Jamie and I explored the shops in Stratford, spending most of our time in Fanfare Books and Book Stage. Book Stage was a fascinating place, an old house turned book store with a mildly cranky and book-obsessed old gentleman as its proprietor. The shelves were stuffed with old books, including some beautiful (and very expensive) Shakespeare folios. I was afraid to even breathe on some of the books.

After a nice lunch at Downie Street Burgers, Jamie and I met up with our group to see our last play, The Lion, the Witch, and the Wardrobe. If you ever see a Stratford production, do not see The Lion, the Witch, and the Wardrobe. Do not. If you're over the age of eight, spare yourself, I beg of you. If you loved the books, and even the movie, this production will make you cringe. In the words of Professor Freeberg (or maybe it was Felch), "They completely disembowelled the thing." You will want to watch the movie and the read the book ten times over, just to blot the ghastly experience out of your mind. The production was trite and appalling, and not many of us could even pay serious attention after about half an hour. Some of us found more interesting things to watch.

It was with glad hearts when we finally left the theatre. We ate dinner at Downie Street Burgers (much to Jamie and I's chagrin), and pulled out of Stratford around 6:00 p.m. I spent most of the return journey trying not to throw up, but was saved the last couple of hours by Jamie and her peppermint chewing gum (for you life hackers: mint gum helps combat nausea). US customs went splendidly—though, honestly, probably anything that took less than an hour would've been seen as a wild success by us—but we may or may not live down in infamy at that border check as "the bus that got turned around and came back." (Professor Schmidt drove up to Stratford a couple hours after us, and when he told the officer that he was meeting a group of students, the officer asked, "Oh, are you with that bus that got turned around and came back?")

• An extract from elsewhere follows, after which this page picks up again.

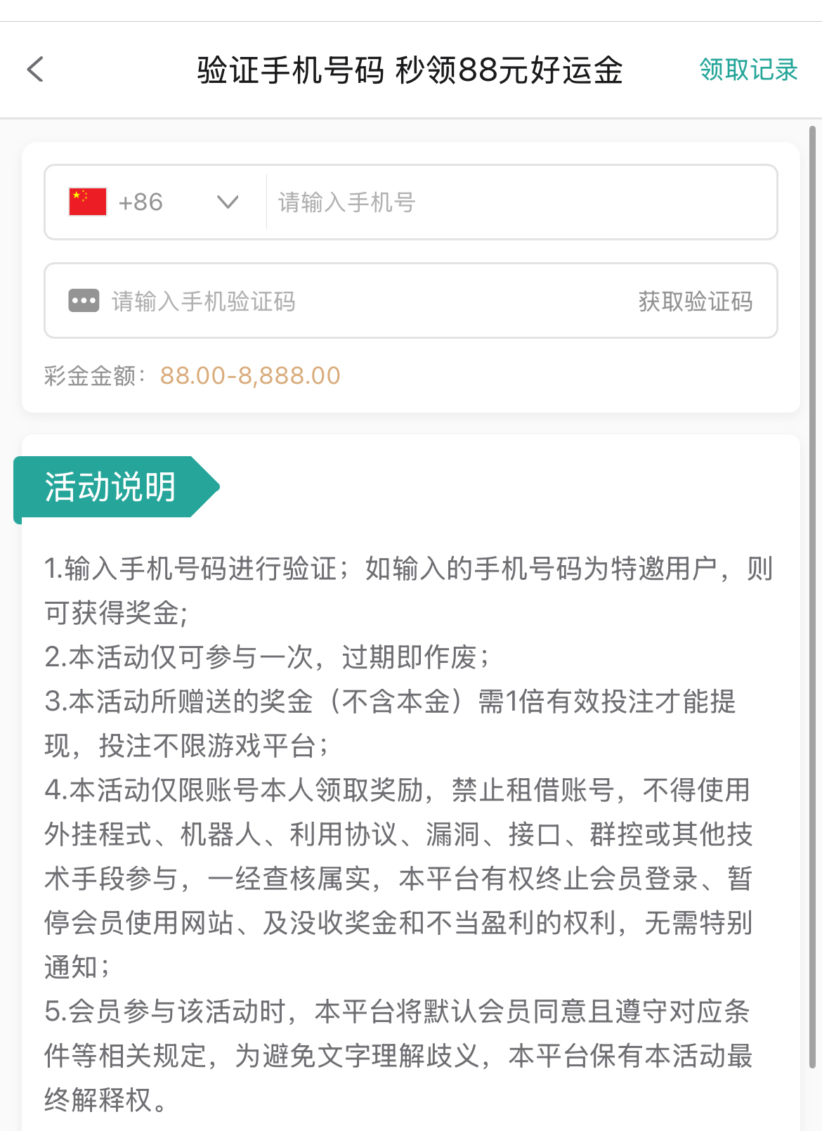 白嫖彩金

The Stratford trip taught me a little more about grace when I did not expect it. I did not expect to make any relationships on the trip, nor did I expect to carry anything but play bills and souvenirs with me from the town of Stratford. But I did. I learned from the graciousness of the two students who were not allowed to continue the journey with us. I learned from the graciousness of everyone on the bus as we waited in customs. I found a good friend in Jamie, even if our friendship was only one born out of necessity on the trip (Jamie: if you're reading this, I hope you know that I think you're stellar and I'd like to continue our friendship). Like an ice cube down my shirt, the trip straightened my back and opened my eyes to the graces of every individual, however strange or friendly. "Life is precious but also freely given."

I'm learning a lot of things in college that can't be taught in a class room. And while I never quite know when or where, I must remind myself again and again that seeming discomfort can be a valuable lesson. Sometimes small graces come in strange places. (Or miracles like a Slytherin [me] and a Hufflepuff [Jamie] being friends.)